Lesson: Parallel to Italian Garante action; both fined identical €20M amount within 6 months. CNIL added 5x €100k/day non-compliance penalty when Clearview refused deletion — escalation pattern that EU AIA Art. 99 (penalties up to 7% global turnover) extends. Multi-DPA replication confirms GDPR is enforceable against US-based AI providers serving EU residents.

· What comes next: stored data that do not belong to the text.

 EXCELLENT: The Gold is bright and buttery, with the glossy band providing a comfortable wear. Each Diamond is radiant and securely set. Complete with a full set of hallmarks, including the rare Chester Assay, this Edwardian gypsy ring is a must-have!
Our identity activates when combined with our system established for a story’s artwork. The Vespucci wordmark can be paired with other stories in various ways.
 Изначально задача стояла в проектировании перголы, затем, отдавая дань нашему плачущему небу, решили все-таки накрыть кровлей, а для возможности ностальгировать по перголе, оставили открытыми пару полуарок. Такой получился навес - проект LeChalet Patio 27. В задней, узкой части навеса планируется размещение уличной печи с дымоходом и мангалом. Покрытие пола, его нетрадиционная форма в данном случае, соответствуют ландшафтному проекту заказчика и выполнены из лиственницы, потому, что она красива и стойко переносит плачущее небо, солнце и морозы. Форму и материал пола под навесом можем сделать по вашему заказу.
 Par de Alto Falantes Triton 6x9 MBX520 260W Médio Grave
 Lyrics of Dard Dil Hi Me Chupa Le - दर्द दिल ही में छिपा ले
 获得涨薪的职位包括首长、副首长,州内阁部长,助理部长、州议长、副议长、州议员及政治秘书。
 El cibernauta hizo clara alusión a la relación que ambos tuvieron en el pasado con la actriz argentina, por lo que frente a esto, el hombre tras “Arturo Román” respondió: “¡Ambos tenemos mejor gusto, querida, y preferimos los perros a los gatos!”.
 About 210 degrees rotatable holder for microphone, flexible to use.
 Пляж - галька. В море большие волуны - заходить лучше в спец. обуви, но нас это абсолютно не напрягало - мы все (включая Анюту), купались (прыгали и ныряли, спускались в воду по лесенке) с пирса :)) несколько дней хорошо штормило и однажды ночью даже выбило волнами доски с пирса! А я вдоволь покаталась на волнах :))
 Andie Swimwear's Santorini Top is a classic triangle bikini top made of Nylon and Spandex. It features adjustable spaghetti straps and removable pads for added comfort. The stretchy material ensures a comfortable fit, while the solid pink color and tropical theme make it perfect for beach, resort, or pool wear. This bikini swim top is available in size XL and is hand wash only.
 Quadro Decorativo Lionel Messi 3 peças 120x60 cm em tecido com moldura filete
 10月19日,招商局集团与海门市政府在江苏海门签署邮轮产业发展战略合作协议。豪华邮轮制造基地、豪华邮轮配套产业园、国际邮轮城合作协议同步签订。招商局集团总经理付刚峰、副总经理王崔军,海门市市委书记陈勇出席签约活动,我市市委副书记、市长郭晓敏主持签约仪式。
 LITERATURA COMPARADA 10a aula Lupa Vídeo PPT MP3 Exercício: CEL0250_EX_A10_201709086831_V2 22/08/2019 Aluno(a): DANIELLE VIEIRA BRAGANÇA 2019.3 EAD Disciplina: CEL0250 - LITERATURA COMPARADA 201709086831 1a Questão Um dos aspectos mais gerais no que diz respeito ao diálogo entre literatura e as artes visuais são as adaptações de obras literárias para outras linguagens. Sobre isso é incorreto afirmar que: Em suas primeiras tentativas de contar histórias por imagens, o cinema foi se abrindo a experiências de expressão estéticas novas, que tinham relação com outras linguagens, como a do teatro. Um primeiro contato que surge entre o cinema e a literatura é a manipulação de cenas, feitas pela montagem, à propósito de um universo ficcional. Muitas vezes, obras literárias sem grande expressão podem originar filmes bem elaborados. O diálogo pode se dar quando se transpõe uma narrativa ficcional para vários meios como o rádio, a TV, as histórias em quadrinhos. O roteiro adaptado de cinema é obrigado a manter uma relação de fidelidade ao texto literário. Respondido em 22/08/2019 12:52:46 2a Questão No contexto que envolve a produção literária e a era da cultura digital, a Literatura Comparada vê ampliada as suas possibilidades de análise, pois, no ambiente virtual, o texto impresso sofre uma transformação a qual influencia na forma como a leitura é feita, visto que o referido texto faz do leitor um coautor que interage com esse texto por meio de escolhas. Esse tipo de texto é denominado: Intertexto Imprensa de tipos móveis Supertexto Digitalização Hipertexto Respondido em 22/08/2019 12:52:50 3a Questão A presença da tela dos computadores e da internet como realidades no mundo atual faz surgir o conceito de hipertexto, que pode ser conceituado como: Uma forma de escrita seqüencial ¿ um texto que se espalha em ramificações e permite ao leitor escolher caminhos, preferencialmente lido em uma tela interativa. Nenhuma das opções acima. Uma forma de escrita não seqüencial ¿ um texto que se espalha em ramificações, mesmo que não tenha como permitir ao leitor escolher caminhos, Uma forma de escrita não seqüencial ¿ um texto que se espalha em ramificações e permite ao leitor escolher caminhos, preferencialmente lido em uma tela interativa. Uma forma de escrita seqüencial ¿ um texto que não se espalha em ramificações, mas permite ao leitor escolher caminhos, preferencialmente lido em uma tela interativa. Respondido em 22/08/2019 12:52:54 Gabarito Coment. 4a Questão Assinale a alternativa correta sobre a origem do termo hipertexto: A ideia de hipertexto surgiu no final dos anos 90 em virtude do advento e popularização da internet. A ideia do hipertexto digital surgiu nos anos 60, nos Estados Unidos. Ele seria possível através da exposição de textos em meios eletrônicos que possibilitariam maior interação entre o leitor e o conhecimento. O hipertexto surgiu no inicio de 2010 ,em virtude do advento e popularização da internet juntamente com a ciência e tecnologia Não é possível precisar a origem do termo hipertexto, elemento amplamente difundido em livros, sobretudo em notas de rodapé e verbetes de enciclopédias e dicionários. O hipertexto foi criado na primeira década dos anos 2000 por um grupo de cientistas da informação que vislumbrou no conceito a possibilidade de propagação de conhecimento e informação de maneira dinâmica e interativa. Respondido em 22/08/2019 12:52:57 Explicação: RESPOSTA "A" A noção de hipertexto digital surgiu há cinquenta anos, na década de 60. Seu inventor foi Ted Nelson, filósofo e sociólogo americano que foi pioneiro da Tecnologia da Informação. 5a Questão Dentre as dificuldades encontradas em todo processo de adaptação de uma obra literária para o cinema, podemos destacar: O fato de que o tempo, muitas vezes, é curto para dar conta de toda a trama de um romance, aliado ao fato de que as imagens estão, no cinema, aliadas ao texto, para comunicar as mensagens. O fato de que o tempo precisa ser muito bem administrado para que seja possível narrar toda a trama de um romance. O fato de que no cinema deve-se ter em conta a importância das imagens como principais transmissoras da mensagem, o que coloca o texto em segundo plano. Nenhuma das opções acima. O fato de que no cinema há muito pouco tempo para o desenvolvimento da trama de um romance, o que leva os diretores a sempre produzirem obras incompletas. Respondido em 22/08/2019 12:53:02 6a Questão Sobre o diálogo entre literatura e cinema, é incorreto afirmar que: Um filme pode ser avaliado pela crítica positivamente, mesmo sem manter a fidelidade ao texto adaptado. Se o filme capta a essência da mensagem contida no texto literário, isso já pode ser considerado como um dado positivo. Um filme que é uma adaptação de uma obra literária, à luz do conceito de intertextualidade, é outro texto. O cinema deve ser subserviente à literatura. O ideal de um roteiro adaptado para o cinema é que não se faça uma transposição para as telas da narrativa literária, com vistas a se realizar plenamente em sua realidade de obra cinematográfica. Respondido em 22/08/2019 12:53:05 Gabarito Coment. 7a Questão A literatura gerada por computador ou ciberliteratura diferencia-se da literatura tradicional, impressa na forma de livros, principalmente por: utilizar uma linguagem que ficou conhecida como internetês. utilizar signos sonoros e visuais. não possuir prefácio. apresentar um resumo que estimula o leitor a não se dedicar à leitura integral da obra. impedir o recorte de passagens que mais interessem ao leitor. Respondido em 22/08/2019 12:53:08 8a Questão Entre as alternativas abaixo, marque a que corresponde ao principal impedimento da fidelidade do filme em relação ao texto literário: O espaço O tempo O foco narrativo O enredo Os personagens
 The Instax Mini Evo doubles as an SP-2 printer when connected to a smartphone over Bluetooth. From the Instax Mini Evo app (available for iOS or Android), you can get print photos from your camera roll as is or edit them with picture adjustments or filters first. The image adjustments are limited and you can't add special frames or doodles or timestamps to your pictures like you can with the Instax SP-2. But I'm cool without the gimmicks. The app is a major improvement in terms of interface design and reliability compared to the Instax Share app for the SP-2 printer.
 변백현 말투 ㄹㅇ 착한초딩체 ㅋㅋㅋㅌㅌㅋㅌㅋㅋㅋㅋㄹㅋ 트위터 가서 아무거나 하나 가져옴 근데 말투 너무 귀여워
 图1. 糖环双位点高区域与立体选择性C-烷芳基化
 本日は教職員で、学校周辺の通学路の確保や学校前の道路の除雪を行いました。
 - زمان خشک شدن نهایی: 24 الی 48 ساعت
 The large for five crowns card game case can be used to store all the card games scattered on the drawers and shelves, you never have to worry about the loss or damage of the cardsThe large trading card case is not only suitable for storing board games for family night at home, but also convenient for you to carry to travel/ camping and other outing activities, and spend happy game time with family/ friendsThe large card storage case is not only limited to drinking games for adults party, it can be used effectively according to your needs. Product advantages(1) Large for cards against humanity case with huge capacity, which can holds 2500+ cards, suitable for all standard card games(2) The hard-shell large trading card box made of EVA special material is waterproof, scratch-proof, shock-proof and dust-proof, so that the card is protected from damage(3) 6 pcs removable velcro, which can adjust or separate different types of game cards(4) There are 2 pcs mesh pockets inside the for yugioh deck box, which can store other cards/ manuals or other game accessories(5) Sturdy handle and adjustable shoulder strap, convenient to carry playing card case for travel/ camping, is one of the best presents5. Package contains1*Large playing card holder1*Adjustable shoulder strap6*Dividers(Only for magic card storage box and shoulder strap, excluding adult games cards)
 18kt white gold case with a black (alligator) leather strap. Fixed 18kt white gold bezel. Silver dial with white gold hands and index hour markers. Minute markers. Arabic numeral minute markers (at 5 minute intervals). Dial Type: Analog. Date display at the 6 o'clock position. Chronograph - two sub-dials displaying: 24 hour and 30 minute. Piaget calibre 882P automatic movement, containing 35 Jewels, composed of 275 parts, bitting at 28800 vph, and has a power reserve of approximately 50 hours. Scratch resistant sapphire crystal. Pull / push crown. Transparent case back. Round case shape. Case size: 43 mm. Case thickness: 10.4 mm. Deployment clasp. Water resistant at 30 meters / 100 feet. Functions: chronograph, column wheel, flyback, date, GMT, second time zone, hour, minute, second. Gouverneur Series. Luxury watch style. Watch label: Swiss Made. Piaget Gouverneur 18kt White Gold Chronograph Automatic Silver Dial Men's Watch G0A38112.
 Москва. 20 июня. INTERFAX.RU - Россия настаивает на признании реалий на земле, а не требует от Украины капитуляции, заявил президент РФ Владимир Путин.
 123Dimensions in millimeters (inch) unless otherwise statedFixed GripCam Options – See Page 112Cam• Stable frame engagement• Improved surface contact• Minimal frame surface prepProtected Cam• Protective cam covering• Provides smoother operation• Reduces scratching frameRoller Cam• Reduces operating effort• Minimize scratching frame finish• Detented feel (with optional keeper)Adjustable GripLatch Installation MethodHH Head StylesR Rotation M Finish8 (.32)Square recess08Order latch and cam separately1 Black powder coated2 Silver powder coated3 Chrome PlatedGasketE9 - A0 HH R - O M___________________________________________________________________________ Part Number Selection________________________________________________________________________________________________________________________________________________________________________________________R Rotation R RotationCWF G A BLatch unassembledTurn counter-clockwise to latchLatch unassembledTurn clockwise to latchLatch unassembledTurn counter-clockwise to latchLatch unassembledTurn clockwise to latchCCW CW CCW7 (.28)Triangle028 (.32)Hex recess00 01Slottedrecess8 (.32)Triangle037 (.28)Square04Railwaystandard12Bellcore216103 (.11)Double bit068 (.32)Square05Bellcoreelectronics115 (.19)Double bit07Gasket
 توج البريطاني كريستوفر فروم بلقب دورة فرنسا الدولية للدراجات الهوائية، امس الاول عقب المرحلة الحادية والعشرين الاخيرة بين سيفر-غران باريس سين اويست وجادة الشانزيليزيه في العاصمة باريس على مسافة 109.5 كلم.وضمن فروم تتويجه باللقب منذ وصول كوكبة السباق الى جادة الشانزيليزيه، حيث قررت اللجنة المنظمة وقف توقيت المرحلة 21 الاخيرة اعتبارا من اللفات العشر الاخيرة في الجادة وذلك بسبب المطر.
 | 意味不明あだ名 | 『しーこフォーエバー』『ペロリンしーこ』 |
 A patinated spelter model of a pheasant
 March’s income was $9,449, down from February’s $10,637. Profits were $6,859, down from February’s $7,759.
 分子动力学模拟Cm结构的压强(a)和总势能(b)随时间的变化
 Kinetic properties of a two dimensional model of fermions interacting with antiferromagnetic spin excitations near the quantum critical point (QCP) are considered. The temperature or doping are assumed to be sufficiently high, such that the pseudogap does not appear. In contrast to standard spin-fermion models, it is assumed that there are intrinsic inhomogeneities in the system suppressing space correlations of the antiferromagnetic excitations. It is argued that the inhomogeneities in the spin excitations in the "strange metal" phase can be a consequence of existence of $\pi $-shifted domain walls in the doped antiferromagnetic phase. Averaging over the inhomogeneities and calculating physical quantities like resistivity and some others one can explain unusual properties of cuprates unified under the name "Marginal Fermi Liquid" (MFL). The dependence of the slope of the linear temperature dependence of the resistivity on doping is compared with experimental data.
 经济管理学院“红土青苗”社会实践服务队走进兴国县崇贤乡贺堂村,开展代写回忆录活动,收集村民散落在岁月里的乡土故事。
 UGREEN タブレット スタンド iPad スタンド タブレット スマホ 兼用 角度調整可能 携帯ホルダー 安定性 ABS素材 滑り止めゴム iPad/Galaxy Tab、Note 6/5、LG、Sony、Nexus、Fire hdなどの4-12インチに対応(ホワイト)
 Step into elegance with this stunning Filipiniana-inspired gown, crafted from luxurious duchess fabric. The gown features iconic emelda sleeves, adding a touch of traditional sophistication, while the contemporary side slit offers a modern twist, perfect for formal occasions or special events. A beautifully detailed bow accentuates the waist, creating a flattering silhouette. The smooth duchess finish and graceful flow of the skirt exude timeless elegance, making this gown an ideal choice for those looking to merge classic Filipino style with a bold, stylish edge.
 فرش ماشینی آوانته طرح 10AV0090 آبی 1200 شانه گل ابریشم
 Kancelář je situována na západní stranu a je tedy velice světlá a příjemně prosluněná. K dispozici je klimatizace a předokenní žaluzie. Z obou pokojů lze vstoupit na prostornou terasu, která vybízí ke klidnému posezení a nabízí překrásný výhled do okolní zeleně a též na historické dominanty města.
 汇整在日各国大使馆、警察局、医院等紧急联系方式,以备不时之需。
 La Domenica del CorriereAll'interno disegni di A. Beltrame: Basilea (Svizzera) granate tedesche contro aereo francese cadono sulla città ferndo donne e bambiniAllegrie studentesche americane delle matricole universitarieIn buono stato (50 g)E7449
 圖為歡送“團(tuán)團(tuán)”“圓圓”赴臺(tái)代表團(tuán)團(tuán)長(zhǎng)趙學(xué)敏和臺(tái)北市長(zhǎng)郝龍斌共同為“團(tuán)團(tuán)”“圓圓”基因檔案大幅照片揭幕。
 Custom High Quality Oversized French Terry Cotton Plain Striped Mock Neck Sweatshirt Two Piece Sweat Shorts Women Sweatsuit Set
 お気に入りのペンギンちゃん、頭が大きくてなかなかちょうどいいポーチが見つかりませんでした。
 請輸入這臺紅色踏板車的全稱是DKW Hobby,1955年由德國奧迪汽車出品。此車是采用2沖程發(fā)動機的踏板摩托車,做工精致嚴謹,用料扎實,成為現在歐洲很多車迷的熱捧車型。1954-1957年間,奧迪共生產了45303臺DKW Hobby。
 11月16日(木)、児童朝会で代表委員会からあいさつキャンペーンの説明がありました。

HUD / DOJ v. Facebook (ad-targeting Fair Housing Act)US · 2018–2022
US Department of Housing and Urban Development (HUD) + Department of Justice (DOJ) v. Meta Platforms, Inc. (Facebook) — Facebook's ad-delivery and ad-targeting tools (including 'Special Ad Audience' / Lookalike Audiences) allowed advertisers to exclude users on the basis of protected classes (race, colour, religion, sex, familial status, national origin, disability), and the platform's algorithmic delivery further skewed ad reach.
Lesson: First major US federal settlement holding a platform liable for discriminatory algorithmic delivery under a pre-AI civil-rights statute. DOJ settlement (June 2022) required Meta to develop a new 'Variance Reduction System' to redress racially-skewed ad delivery + sunset the Special Ad Audience tool. Establishes that algorithmic-delivery discrimination — not just user-facing targeting options — is reachable under FHA. Subsequently cited as the template for analogous reasoning under ECOA (lending) and ADEA (employment).